INFORMATION SHOWN:
============
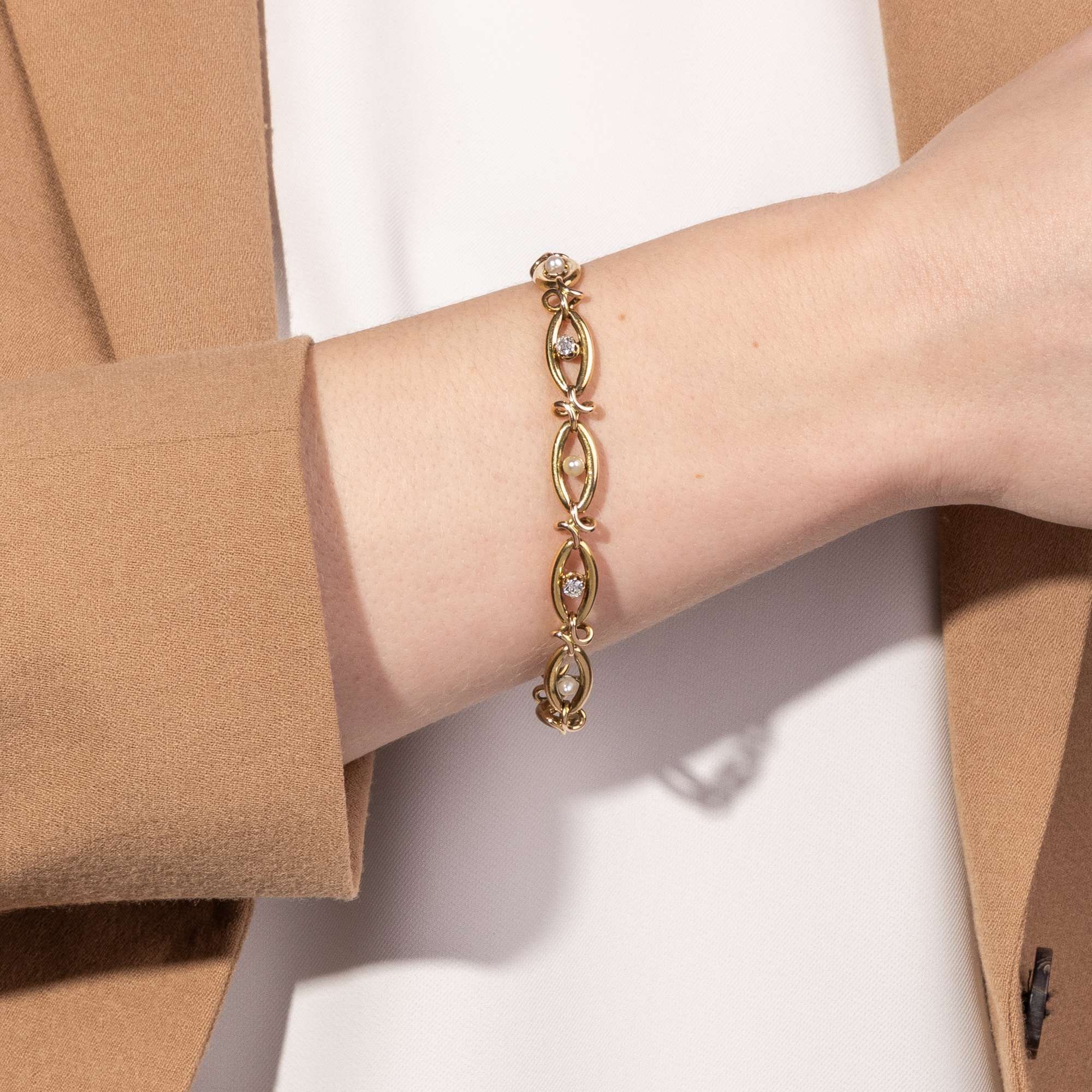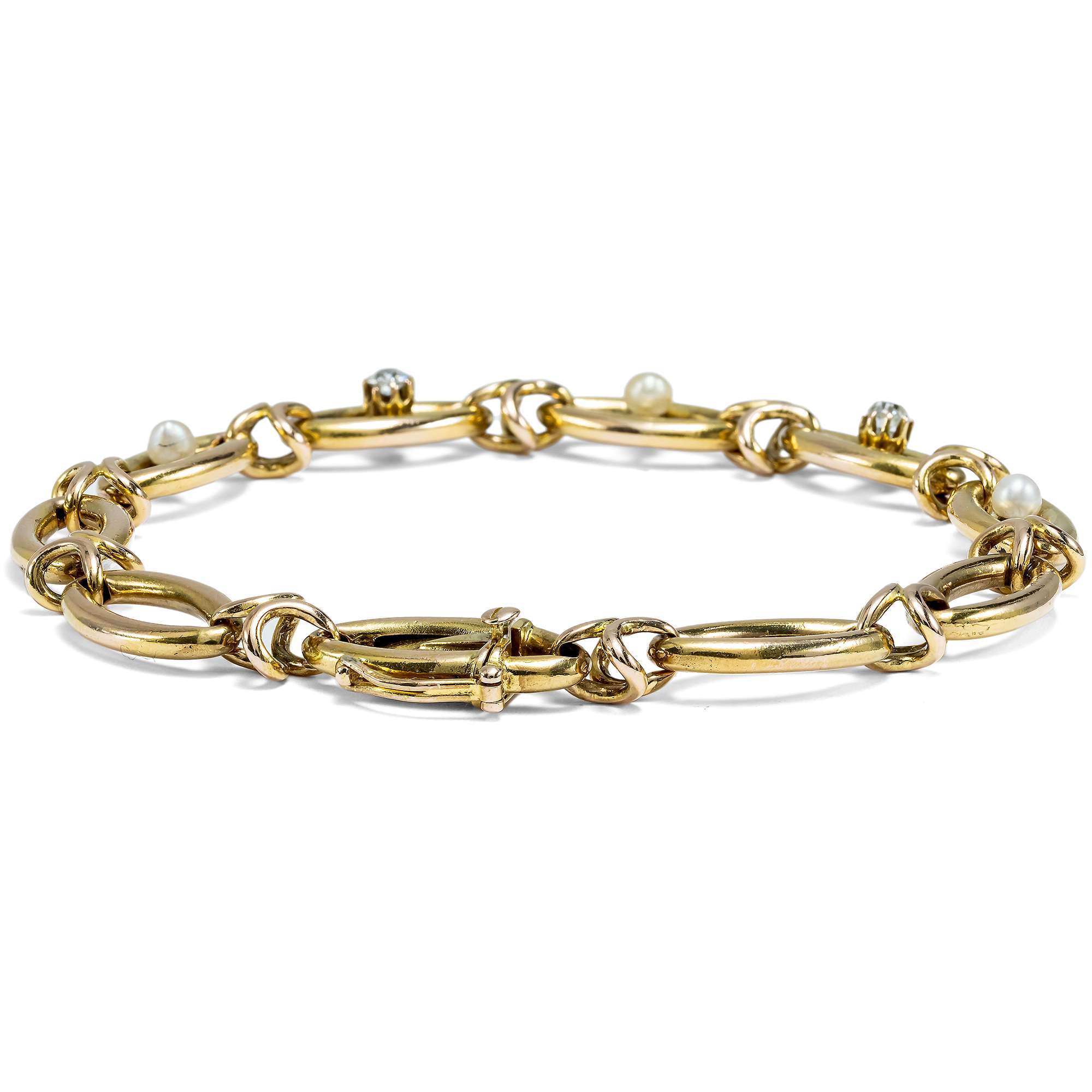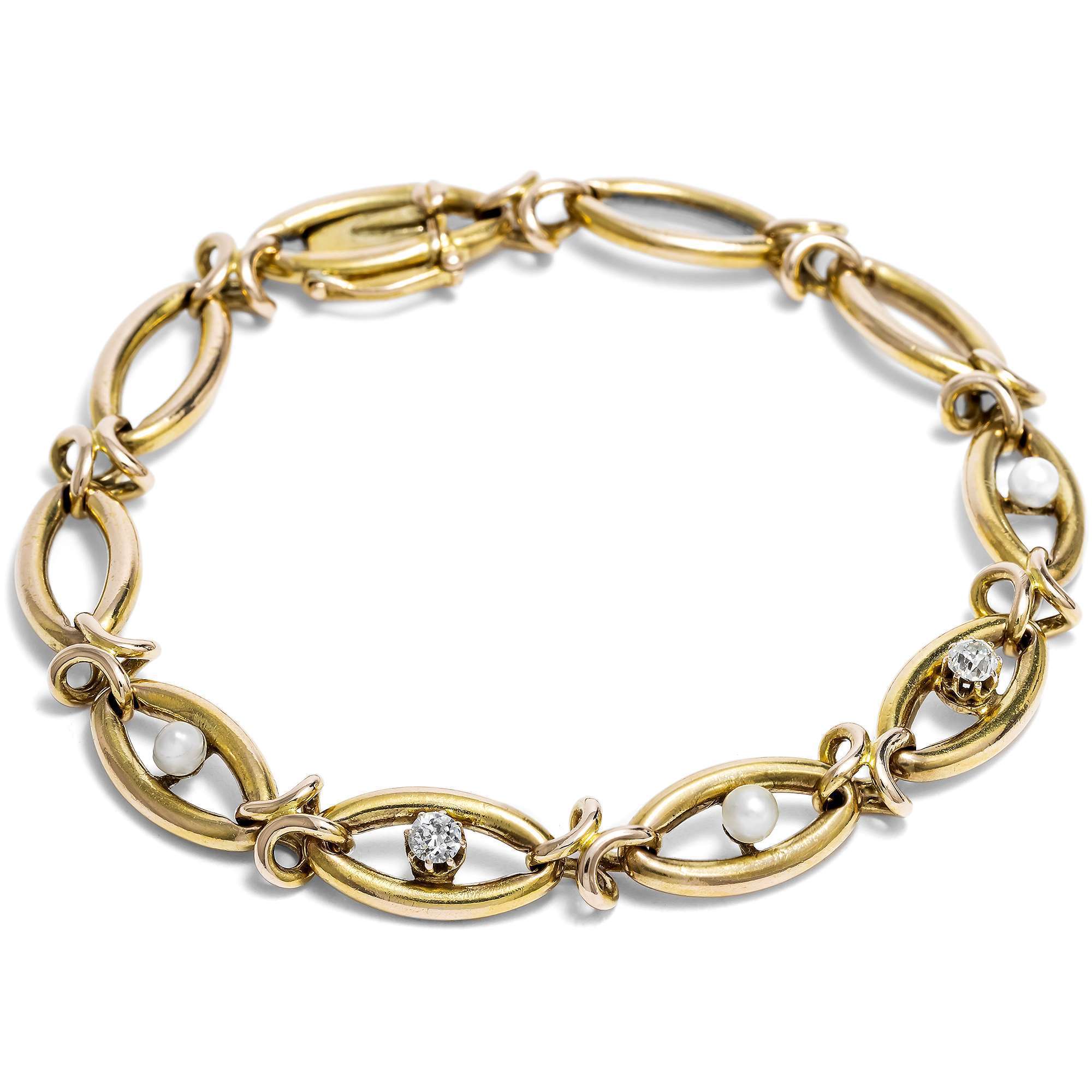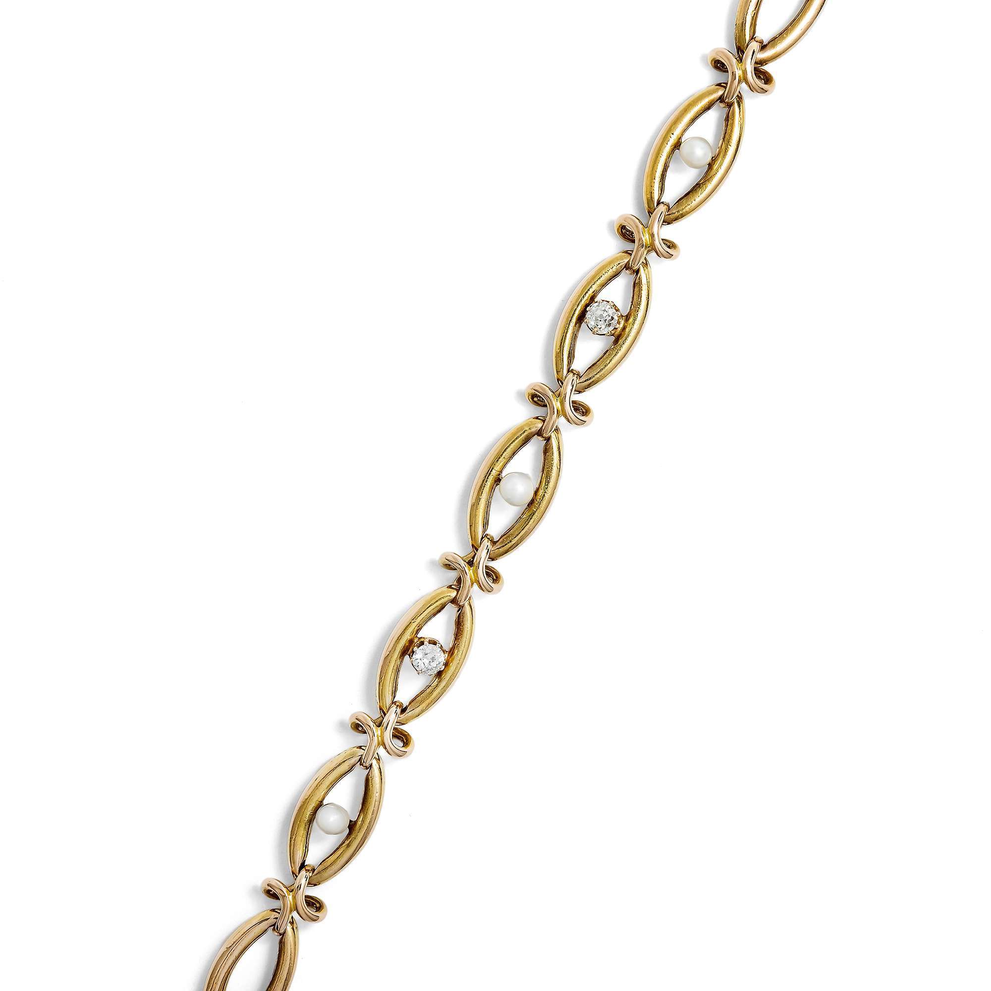 Das vorliegende Armband ist ein typischer Vertreter dieser Schmuckgattung und zeigt sich als gleichmäßiger Rapport länglicher Zierglieder, die von kreuzförmigen Spangen zusammengehalten werden. Als Höhepunkt präsentiert der Entwurf auf den mittleren fünf Gliedern zwei schöne Altschliff-Diamanten und drei natürliche Perlen.
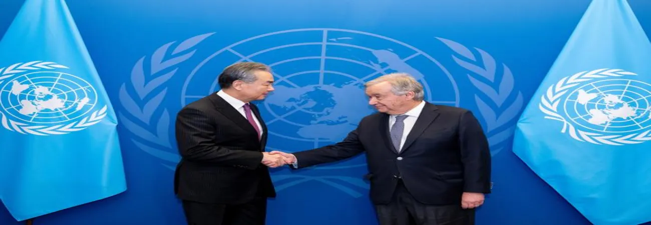 چینی وزیر خارجہ وانگ یی  نیویارک میں اقوام متحدہ کے ہیڈ کوارٹر میں اقوام متحدہ کے سیکرٹری جنرل انتونیو گوتریس سے ملاقات کرتے ہوئے۔(شِنہوا)
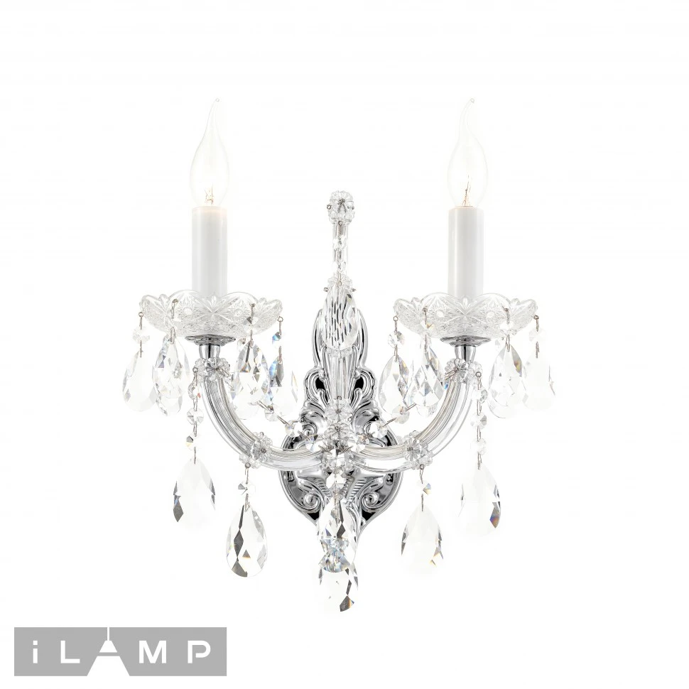 Настенное бра iLamp Diamond W6071-2 CR+CL от Ilamp — настенные бра. Материал — металл, цвет хром, форма плафона — свечи. Модель — цоколь E14, мощность 80 Вт. Габариты: ширина 300 мм, диаметр 240 мм. Декор — хрустальные подвески, коллекция Diamond.
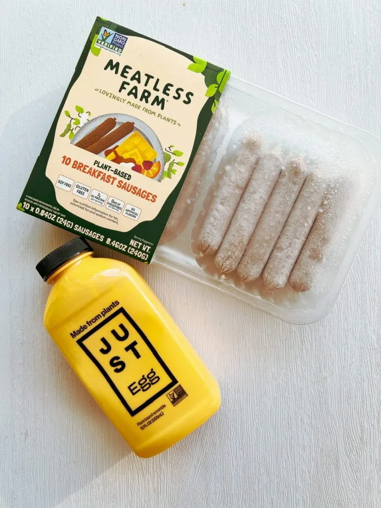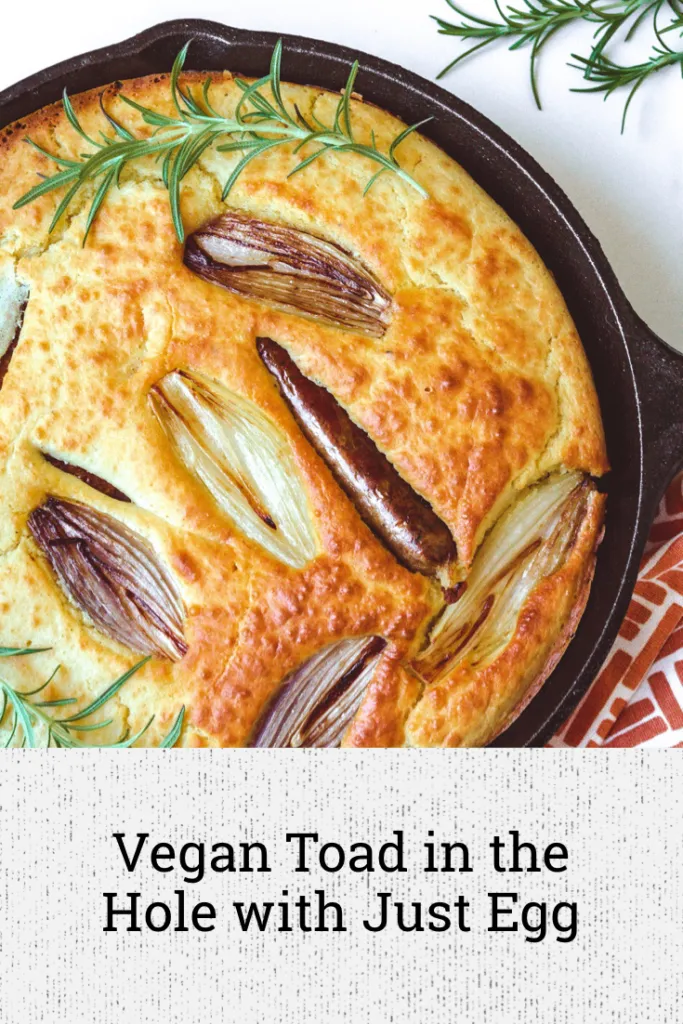 I’ve been eating “toad in the hole” since I was young even though I’m American and this is a British recipe. I’m not sure how my mom stumbled upon it but she made it a lot growing up. I think it must have been in one of her recipe books or she saw it in a magazine. Regardless, it’s basically a Yorkshire pudding which is an eggy pancake like batter that covers breakfast sausage links. We’re making it vegan of course by using vegan Just Egg, all purpose baking mix and vegan sausages!
============
BRIEF: The expected answer is the listing above, duplicated exactly, with its pictures removed.

ANSWER TO THIS TASK:
 Das vorliegende Armband ist ein typischer Vertreter dieser Schmuckgattung und zeigt sich als gleichmäßiger Rapport länglicher Zierglieder, die von kreuzförmigen Spangen zusammengehalten werden. Als Höhepunkt präsentiert der Entwurf auf den mittleren fünf Gliedern zwei schöne Altschliff-Diamanten und drei natürliche Perlen.
 چینی وزیر خارجہ وانگ یی  نیویارک میں اقوام متحدہ کے ہیڈ کوارٹر میں اقوام متحدہ کے سیکرٹری جنرل انتونیو گوتریس سے ملاقات کرتے ہوئے۔(شِنہوا)
 Настенное бра iLamp Diamond W6071-2 CR+CL от Ilamp — настенные бра. Материал — металл, цвет хром, форма плафона — свечи. Модель — цоколь E14, мощность 80 Вт. Габариты: ширина 300 мм, диаметр 240 мм. Декор — хрустальные подвески, коллекция Diamond.
 I’ve been eating “toad in the hole” since I was young even though I’m American and this is a British recipe. I’m not sure how my mom stumbled upon it but she made it a lot growing up. I think it must have been in one of her recipe books or she saw it in a magazine. Regardless, it’s basically a Yorkshire pudding which is an eggy pancake like batter that covers breakfast sausage links. We’re making it vegan of course by using vegan Just Egg, all purpose baking mix and vegan sausages!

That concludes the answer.